Mon, Mar 16, 2026
Bangladesh Nationalist Party's (BNP) track record in conducting Bangladesh’s policy vis-à-vis India has been less than satisfactory, and often abysmal. BNP Chairman Tarique Rahman, who is set to be sworn in as the country's Prime Minister on February 17, would have to go the extra mile to instill confidence to rebuild the partnership.
India can never be just one of the many foreign policy priorities for Bangladesh. New Delhi has been, and should remain, the priority for Dhaka. The history and future of the two nations are intertwined more than any of Bangladesh’s relations abroad. BNP’s past attempts to overlook India and pursue foreign relations did not yield the desired results.
The initial steps by the BNP in the run-up to the elections can be described as forward-looking and an attempt to stitch a partnership based on geography and economic realities. The party would do better if it could control some of the voices that emerged after the polls. It would also bode well for BNP if it pursues inclusive politics and lifts the ban on Awami League, Bangladesh’s oldest political party. Multiparty politics would strengthen Bangladesh’s global standing and boost Rahman’s credibility.
Out of power since 2007, BNP’s biggest challenge will be governance and bureaucracy. Rahman has no experience in running any Ministry and, therefore, needs to select his Ministers and advisers carefully. A mix of experienced hands and youth will help prepare Bangladesh for the future and consolidate on the economic gains of the Awami League government.
The challenges that BNP confronts are corruption and controlling its own party members from misusing power. While the GenZ blamed the Awami League for corruption, the BNP was no less corrupt when in power. It is incumbent on the Rahman to make his citizens feel confident in his system to prevent another round of protests. History books are testimony that Rahman ran a parallel government, often indulging in nepotism and extortion when Khaleda Zia, his mother, was the Prime Minister of Bangladesh.
Equally important is the protection of minorities in Bangladesh. The minorities have faced the brunt from the very moment the Awami League was ousted from power in August 2024. The BNP has raised their voice to protect the minorities, but its track record when in power between 2001 and 2006 has been less than satisfactory. The minorities were on the receiving end for the entire five-year period. BNP’s attempt to appear as a saviour of minorities in the absence of the Awami League at this moment appears to be a political tactic.
India’s primary concern in Bangladesh has been the existence of radical forces and extremists and the lack of adequate efforts by the government in Dhaka to address this issue. Sheikh Hasina, as the Prime Minister, tried her best to control and neutralise the extremists but was not fully successful, and this also contributed to her downfall. The movement that ousted her was orchestrated by the Islamists with support from external powers.
Hasina, however, never allowed Pakistan-sponsored terror cells and extremist cells to operate from Bangladeshi soil to target India. And in less than one year into power in 2009, Hasina handed over to India every insurgent operating from Bangladeshi soil. This contributed to the strong foundation of the India-Bangladesh partnership between 2009 and 2024.
The BNP government needs to continue with this policy in its own and India’s interests. The 2001-06 BNP-Jamaat rule was infamous for Rahman’s alleged direct involvement in abetting, sponsoring, and encouraging insurgents and Pakistan Army-ISI-backed terror cells, including the LeT unit.

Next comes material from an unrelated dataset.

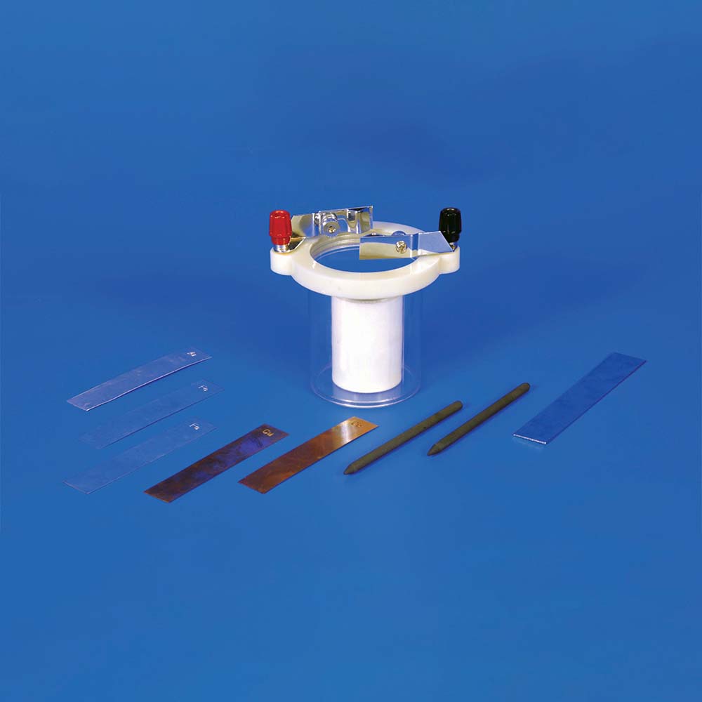 The set consists of a cell body of transparent plastic; a screw-on plastic ring; two brass electrode holders; 1 porous ceramic cup; ten electrodes: one each of aluminum, nickel, graphite, and iron; two each of copper, lead and zinc; and instructions.

The circumstances have changed, and as realpolitik demands, Rahman has adopted a pragmatic approach, accepting the emissary of the Indian Prime Minister. All depends on how much Rahman can act independently, guided by BNP leaders who are aware of the benefits of the ties with India.
The BNP leaders are well aware that giving Pakistan a platform in Bangladesh and compromising India’s security interests would adversely impact the ties with New Delhi and, subsequently, Bangladesh’s economy. The new government should also be mindful of giving space to powers beyond the Indian sub-continent.

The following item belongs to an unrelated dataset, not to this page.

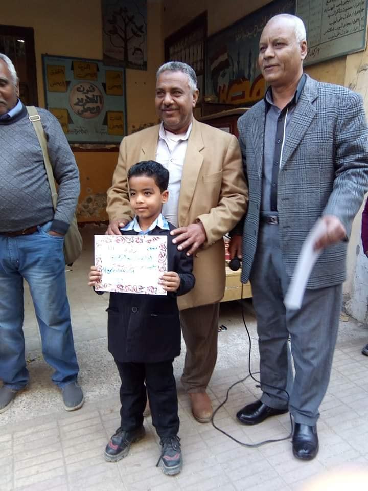 اليوم تم تكريم الطالب /يوسف عمر صلاح لتفوقه بالمركز الأول بجميع المواد بالفصل الدراسي الأول حفيد مدير مدرسة أبو هريرة الإبتدائية الأستاذ /عبدالناصر فهي البنا

Yet, the Jamaat-e-Islami and Pakistan lobby within the BNP would attempt to influence Rahman. Jamaat-e-Islami would up the ante by sharpening its anti-India rhetoric. Jamaat and its patron within the interim regime feel cornered with the election results. Despite winning seventy seats and emerging as the second-largest political force in Bangladesh in the absence of the Awami League, Jamaat-e-Islami failed to translate its numerical presence into political success. The outfit backed by Pakistan may not rest and could even attempt to disturb the stability of the BNP government.
It is in Rahman’s own interests that it pursues a policy that benefits Bangladesh and its closest neighbour. Friendly ties with India can only benefit Bangladesh’s economy, which is facing headwinds.
(The writer is a commentator on geopolitics and geoeconomics. Views are personal.)